The objective of this ?Biobehavioral Research Awards for Innovative New Scientists? proposal is to determine the contributions of the CRF (corticotropin releasing factor) system to encoding and responding to salient stimuli in the environment in individuals with different life histories of stressor exposure. CRF is a neuropeptide neuromodulator that is expressed in several brain regions and is released in response to both positive and negative arousing environmental stimuli. It is unclear how CRF as a brain wide neural system differentially responds to stimuli with different valences to motivate appropriate approach or avoidance behaviors. In addition, there is evidence that the CRF system is highly plastic and can undergo allostatic adaptations in response to stressor exposure. Moreover, it is thought that in pathological states of allostatic overload, these adaptations in the CRF system persist in suboptimal ways. Yet, it is unclear how the activity patterns of CRF enriched nuclei across the brain are altered in a stress-induced state of allostatic overload, nor is it understood how changes at different CRF loci combine to promote maladaptive behavioral responses. This proposal seeks to resolve these unanswered questions by testing the hypothesis that positive or negative salient environmental stimuli stimulate the activity of unique ensembles of CRF-containing nuclei to drive the appropriate affective behavioral responses. Furthermore, that chronic stress shifts CRF network responsivity toward greater activation to negative stimuli and depressed activation toward positive stimuli which leads to enhanced avoidance of these salient environment stimuli. To test this hypothesis, I propose two specific aims.
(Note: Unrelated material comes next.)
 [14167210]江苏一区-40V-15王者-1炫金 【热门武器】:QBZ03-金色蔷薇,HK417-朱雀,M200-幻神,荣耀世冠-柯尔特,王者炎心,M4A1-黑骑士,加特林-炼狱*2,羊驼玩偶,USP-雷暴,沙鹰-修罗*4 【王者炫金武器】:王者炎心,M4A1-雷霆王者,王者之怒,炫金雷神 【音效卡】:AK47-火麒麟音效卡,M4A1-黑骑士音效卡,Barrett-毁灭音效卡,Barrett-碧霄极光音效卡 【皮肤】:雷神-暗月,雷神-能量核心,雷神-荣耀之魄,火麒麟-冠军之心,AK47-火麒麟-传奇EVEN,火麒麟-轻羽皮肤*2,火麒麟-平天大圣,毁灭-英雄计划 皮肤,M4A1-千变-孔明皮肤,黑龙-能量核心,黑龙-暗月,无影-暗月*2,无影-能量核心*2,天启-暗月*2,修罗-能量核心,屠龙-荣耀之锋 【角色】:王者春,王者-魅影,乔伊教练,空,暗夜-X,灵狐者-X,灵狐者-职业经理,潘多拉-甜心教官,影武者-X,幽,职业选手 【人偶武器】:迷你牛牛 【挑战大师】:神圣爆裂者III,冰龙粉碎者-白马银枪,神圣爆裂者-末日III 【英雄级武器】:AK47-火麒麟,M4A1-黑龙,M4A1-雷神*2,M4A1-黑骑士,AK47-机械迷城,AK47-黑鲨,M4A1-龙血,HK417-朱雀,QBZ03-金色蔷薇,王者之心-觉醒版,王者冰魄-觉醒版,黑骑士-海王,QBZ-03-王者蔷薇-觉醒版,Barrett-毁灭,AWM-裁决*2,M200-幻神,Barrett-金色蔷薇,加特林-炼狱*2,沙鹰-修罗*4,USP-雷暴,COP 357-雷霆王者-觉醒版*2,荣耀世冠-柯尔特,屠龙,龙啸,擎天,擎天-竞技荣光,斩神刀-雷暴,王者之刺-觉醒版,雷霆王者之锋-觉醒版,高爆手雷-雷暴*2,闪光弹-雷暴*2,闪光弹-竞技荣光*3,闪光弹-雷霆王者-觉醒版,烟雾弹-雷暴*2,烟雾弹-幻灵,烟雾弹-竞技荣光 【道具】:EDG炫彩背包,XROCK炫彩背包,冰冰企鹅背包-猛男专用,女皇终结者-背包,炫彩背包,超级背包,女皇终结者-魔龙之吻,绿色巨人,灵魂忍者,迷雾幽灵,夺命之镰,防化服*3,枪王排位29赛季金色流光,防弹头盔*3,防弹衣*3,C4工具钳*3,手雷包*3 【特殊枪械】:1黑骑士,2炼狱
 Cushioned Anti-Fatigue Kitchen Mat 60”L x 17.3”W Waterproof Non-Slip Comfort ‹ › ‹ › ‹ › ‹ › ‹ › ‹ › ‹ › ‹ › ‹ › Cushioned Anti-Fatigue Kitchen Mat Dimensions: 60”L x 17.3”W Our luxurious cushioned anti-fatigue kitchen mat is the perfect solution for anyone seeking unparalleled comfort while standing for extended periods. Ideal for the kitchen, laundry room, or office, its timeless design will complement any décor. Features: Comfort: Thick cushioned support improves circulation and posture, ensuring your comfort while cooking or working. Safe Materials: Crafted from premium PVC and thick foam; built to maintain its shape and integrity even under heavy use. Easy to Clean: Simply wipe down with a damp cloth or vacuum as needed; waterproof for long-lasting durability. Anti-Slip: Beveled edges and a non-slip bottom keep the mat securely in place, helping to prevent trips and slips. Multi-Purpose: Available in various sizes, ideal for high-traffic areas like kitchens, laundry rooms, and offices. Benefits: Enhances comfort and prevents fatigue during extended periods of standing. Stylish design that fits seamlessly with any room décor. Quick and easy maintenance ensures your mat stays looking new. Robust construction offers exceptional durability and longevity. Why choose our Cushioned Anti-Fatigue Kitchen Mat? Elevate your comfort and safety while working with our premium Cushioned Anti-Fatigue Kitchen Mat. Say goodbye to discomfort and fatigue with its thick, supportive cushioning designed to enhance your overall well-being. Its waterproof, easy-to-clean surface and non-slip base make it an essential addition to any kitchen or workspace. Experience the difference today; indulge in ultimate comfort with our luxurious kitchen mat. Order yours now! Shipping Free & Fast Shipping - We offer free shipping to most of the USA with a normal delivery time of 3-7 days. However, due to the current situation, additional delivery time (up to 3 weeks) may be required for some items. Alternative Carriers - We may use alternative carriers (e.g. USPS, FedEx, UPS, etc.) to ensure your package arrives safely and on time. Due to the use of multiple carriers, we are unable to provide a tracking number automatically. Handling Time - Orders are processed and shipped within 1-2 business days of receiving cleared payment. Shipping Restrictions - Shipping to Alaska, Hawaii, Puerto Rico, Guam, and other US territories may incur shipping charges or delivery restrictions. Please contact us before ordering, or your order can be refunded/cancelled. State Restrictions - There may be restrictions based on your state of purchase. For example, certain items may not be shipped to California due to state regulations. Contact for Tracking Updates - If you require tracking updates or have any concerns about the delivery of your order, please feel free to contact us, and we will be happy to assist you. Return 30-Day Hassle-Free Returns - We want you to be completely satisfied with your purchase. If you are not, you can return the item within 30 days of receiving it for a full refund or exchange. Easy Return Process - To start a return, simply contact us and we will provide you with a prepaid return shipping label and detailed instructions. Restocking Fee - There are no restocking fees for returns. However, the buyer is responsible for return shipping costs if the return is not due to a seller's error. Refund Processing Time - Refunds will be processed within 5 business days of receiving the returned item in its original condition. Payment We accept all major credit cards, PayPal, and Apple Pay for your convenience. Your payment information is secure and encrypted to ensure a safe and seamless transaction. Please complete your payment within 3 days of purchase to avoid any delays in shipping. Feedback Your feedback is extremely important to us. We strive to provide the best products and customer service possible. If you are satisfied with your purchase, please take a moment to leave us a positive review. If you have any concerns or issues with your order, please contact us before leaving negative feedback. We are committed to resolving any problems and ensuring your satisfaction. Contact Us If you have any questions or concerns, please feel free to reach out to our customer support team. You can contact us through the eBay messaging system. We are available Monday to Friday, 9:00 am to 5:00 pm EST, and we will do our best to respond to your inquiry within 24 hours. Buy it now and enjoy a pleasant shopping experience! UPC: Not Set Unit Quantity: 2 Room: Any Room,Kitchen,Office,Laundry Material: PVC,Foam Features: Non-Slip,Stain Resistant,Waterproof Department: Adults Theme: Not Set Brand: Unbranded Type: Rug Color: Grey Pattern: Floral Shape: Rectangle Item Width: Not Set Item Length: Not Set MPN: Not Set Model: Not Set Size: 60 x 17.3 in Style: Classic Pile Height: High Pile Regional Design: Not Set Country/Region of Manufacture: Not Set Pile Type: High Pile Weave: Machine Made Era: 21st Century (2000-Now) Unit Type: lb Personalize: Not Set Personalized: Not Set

Aim 1. Generate a whole brain functional map of activity patterns of CRF-containing neurons in response to acute environmental stimuli in control and chronically stressed male and female mice.
This aim uses three-dimensional functional neuroanatomy and in vivo calcium imaging techniques to determine the activity patterns of CRF expressing nuclei in response to salient environmental stimuli that carry different valences. We will assess this in control and chronically stressed male and female mice. Collectively, these experiments will offer a holistic perspective on the response(s) of CRF to salient stimuli by viewing it as a whole-brain neural system rather than focusing on a single region or pathway.
Aim 2. Determine the effects of site-specific suppression of CRF-containing neurons or deletion of CRF peptide on behavioral responses to acute salient stimuli presented to control and stress-exposed mice.
This aim assesses the relative contributions of CRF localized to different brain nuclei in modulating approach and avoidance behavior by utilizing cutting-edge transgenic and optogenetic techniques. The purpose of the BRAINS program is to nurture innovative new investigators by promoting investigation of ambitious and important questions. This proposal answers that call and is poised to transform the way we think about CRF in the brain.
Depression and anxiety-related disorders are highly prevalent, debilitating, and are often linked to abnormal stress processing. The stress-associated neurotransmitter corticotropin releasing factor (CRF) is widely distributed throughout the central and peripheral nervous system. This proposal posits that chronic stress shifts CRF responsivity and CRF modulation of behavior in a way that propels individuals to a state of negative perceptual bias and withdrawal from their environment and contends that this shift is key to understanding vulnerability to diseases such as depression and anxiety.